Mas pode-se intervir publicamente e ser-se discreta, porque a discrição é uma atitude de humildade, de compreensão para com o outro e de assumir a sua responsabilidade humildemente. Isso é que é discrição. Discrição não é andar com burca, nem não gostar de declarações. Isso é uma deturpação esmagadora para a personalidade de quem é magistrado. O magistrado tem uma liberdade de expressão limitada e o meu limite é a minha deontologia profissional, é a minha neutralidade pública.
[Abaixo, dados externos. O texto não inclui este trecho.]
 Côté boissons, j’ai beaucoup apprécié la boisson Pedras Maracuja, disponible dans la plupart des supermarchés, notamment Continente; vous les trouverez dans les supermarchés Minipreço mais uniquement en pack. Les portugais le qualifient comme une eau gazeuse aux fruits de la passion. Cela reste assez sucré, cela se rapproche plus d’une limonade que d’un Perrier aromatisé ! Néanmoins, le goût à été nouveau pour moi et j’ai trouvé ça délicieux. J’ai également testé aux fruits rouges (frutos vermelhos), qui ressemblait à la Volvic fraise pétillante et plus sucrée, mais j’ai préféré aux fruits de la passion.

Os comentários que faço publicamente sempre são de índole criminológica.

-- Como sempre que se pronunciou sobre a corrupção em Portugal?
- Sim. Mas não posso tomar posição sobre o processo. Mas posso tomar posições públicas por valores de transparência, integridade e honestidade, e contra a corrupção. Isso, o magistrado pode e deve fazer.
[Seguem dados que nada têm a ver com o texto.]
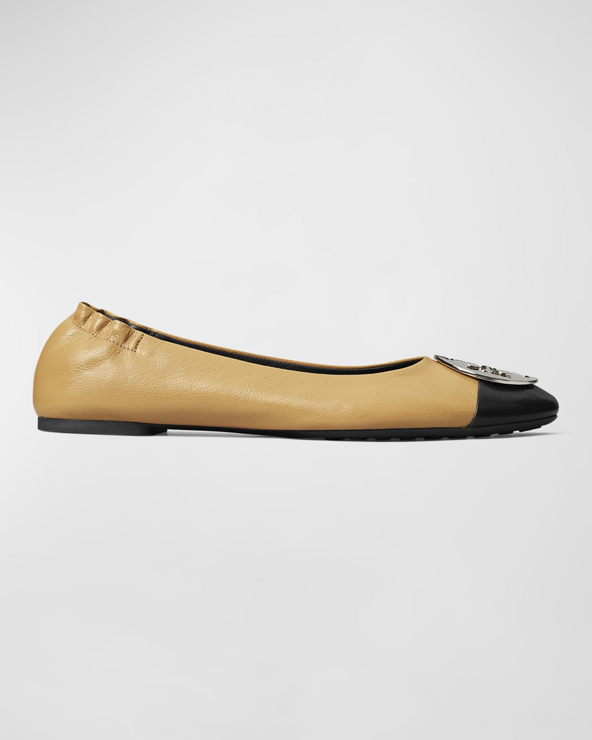 Tory Burch "Claire" twotone leather ballerina flats with logo medallion and bow accent Round cap toe Slipon style Leather outsole Lining: Leather Imported

-- E com isso tornou-se uma figura pública.
- Quando fui presa antes do 25 de Abril,
o meu nome andou nos jornais. As pessoas não se lembram. Mas de facto a televisão muda as coisas.

-- E ao seu nome passou a associar-se um rosto.
- Com o surgimento das privadas, com os primeiros julgamentos acompanhados. Nos anos 90,
as televisões entraram de rompante no Tribunal da Boa Hora. Apareceram algumas imagens a propósito do caso Melancia, a seguir foi a história da Polícia Judiciária, e uma fase de intervenção pública de denúncia de corrupção entre 2003 e 2006. Encaro estas coisas como uma tomada de posição pública; explicar que a corrupção fazia muito mal ao país. Agora as pessoas já percebem. Na altura achavam que era alguma "justicialite" minha. Infelizmente, a vida até me deu razão. As pessoas acabaram por ter noção do que era a corrupção, mas não foi por minha causa. Foi à custa do resgate, da pobreza, e de repente toda a gente descobriu como é que os nossos impostos foram gastos nos últimos 20 anos. Não quero dar lições a ninguém, sou uma simples magistrada, posso reformar-me a qualquer momento. Tenho 67 anos, penso que já preencho os requisitos e tenho o distanciamento próprio de quem a qualquer momento pode sair.

-- Com encara esse momento?
- É mais uma separação que não quero encarar.

-- Sabe que vai ser doloroso.
- Certamente. Eu aguento. Mas já sei que me vai custar porque não sei fazer mais nada, mas vou aprender.
Há muita coisa para fazer.

-- Distanciou-se completamente da política. Não sente nenhum tipo de apelo?
- Tenho até uma certa
alergia à política. Nos meus tempos de militância partidária antes do 25 de Abril o Zé Luís ria-se de mim quando eu intervinha. Dizia que eu não tinha jeito nenhum e quando abria a boca punha toda a gente aos gritos contra mim. Não tinha jeito nem vocação e não quero e nunca quis. Não há aqui nenhuma confusão. A princípio houve pessoas que pensavam que a minha intervenção no combate à corrupção era feita com uma reserva mental política. Agora têm certeza de que não. Não é coisa que me interesse. Nem sequer seguir. Tenho de estar informada, de conhecer o mundo, mas só isso.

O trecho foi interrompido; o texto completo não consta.